EXCERPTED DATA Block Start

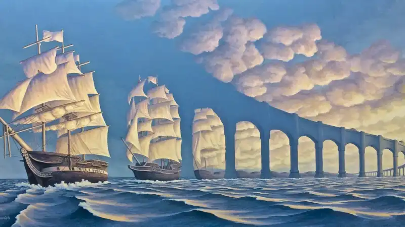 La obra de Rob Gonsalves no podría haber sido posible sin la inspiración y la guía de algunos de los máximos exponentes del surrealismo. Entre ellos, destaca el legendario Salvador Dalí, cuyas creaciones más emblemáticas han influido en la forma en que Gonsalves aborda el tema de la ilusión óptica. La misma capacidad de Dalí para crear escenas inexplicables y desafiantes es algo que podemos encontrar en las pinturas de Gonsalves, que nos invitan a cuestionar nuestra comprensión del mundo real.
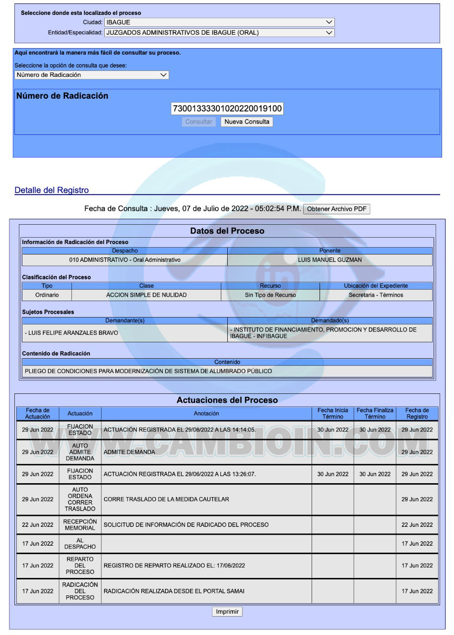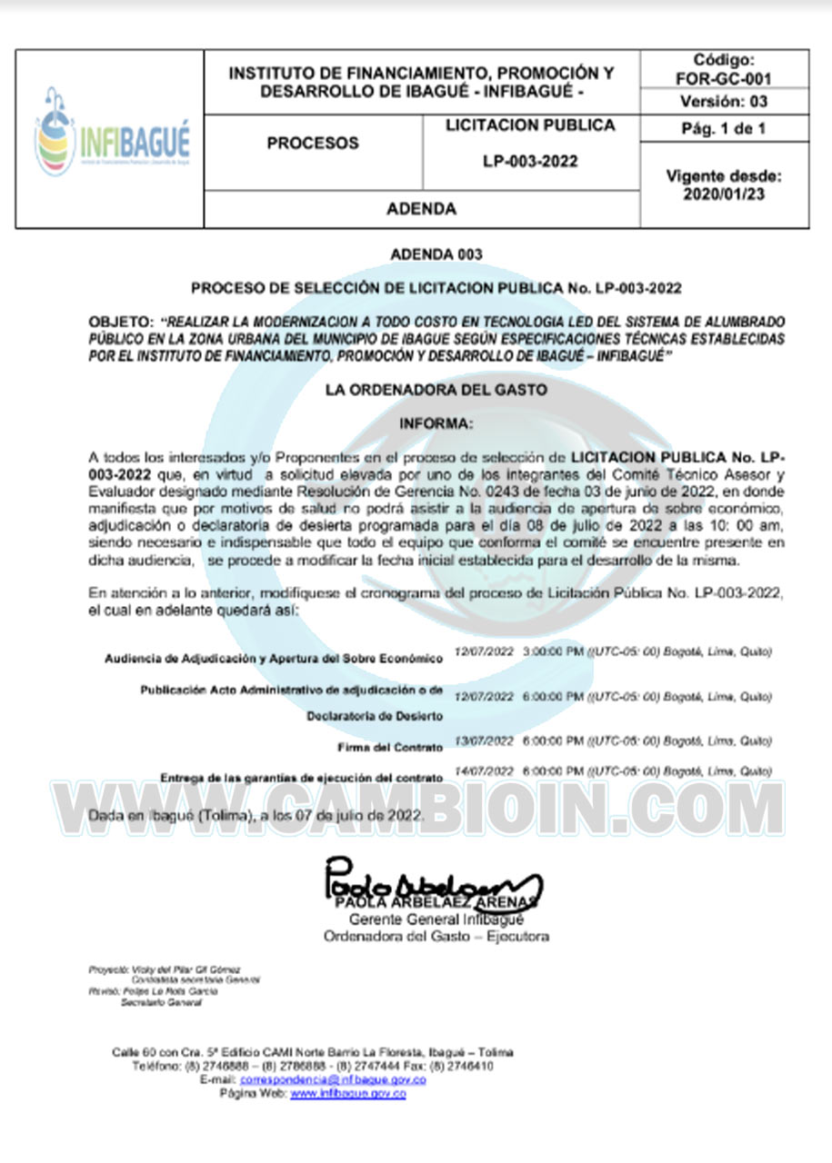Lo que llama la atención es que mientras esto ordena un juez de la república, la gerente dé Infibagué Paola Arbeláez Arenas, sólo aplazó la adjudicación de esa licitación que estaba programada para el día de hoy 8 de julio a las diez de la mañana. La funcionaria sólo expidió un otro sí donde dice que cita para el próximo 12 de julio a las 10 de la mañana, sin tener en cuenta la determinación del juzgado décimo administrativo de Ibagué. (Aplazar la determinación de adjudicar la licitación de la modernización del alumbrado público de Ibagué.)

EXCERPTED DATA Block End
EXCERPTED DATA Block Start

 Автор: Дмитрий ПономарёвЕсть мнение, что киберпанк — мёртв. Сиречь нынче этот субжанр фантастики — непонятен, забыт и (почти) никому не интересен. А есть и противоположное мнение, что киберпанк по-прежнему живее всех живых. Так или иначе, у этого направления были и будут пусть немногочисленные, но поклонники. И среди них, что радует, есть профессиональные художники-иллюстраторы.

EXCERPTED DATA Block End
EXCERPTED DATA Block Start

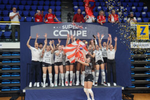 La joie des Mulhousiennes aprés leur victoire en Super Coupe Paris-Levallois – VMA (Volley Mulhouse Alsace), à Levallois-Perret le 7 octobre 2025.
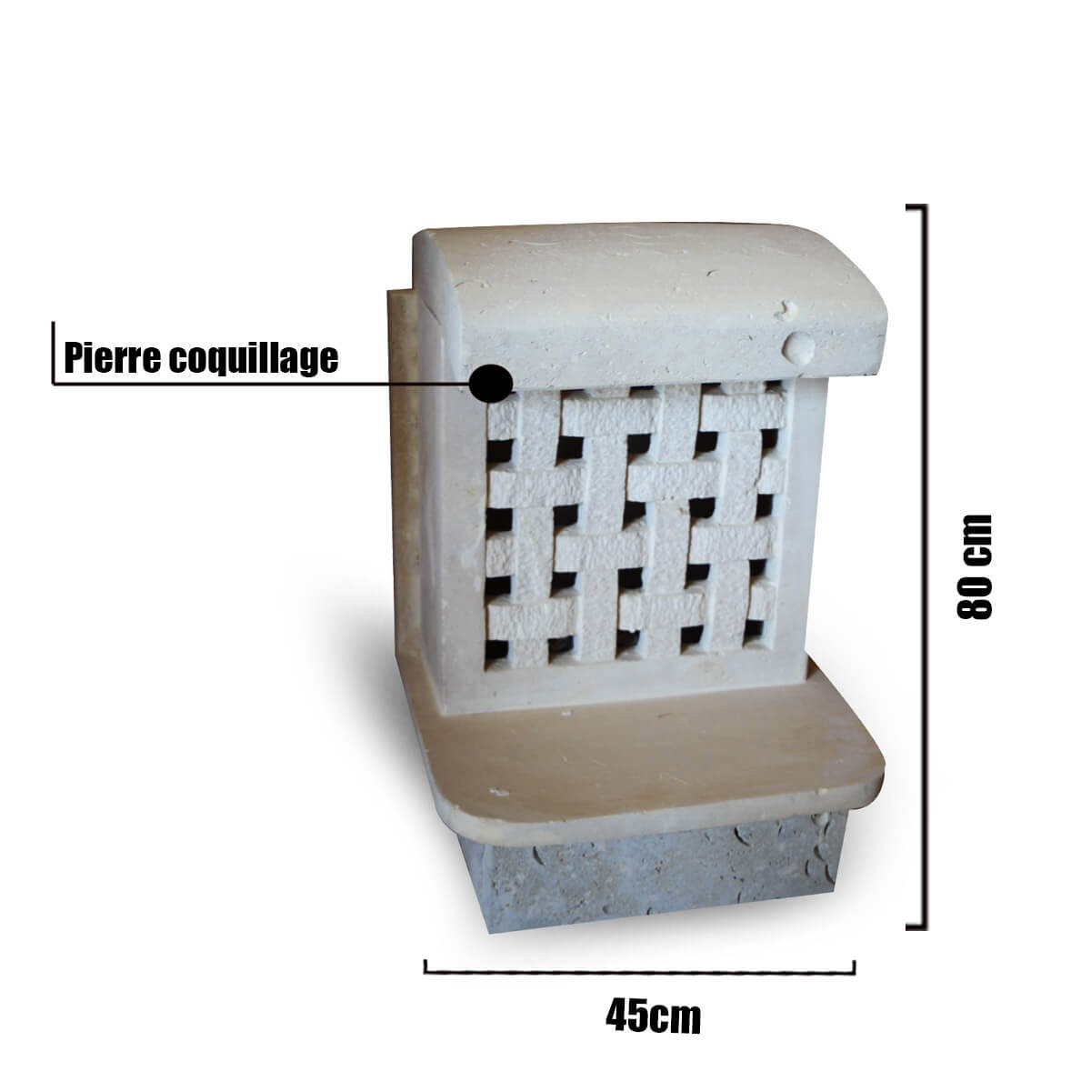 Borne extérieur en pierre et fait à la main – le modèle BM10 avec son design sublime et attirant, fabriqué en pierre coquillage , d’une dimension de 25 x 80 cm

EXCERPTED DATA Block End

Everything between and including the line above containing "La obra de Rob" and the line containing "Lo que llama" should be reproduced exactly, with pictures excluded.

 La obra de Rob Gonsalves no podría haber sido posible sin la inspiración y la guía de algunos de los máximos exponentes del surrealismo. Entre ellos, destaca el legendario Salvador Dalí, cuyas creaciones más emblemáticas han influido en la forma en que Gonsalves aborda el tema de la ilusión óptica. La misma capacidad de Dalí para crear escenas inexplicables y desafiantes es algo que podemos encontrar en las pinturas de Gonsalves, que nos invitan a cuestionar nuestra comprensión del mundo real.
Lo que llama la atención es que mientras esto ordena un juez de la república, la gerente dé Infibagué Paola Arbeláez Arenas, sólo aplazó la adjudicación de esa licitación que estaba programada para el día de hoy 8 de julio a las diez de la mañana. La funcionaria sólo expidió un otro sí donde dice que cita para el próximo 12 de julio a las 10 de la mañana, sin tener en cuenta la determinación del juzgado décimo administrativo de Ibagué. (Aplazar la determinación de adjudicar la licitación de la modernización del alumbrado público de Ibagué.)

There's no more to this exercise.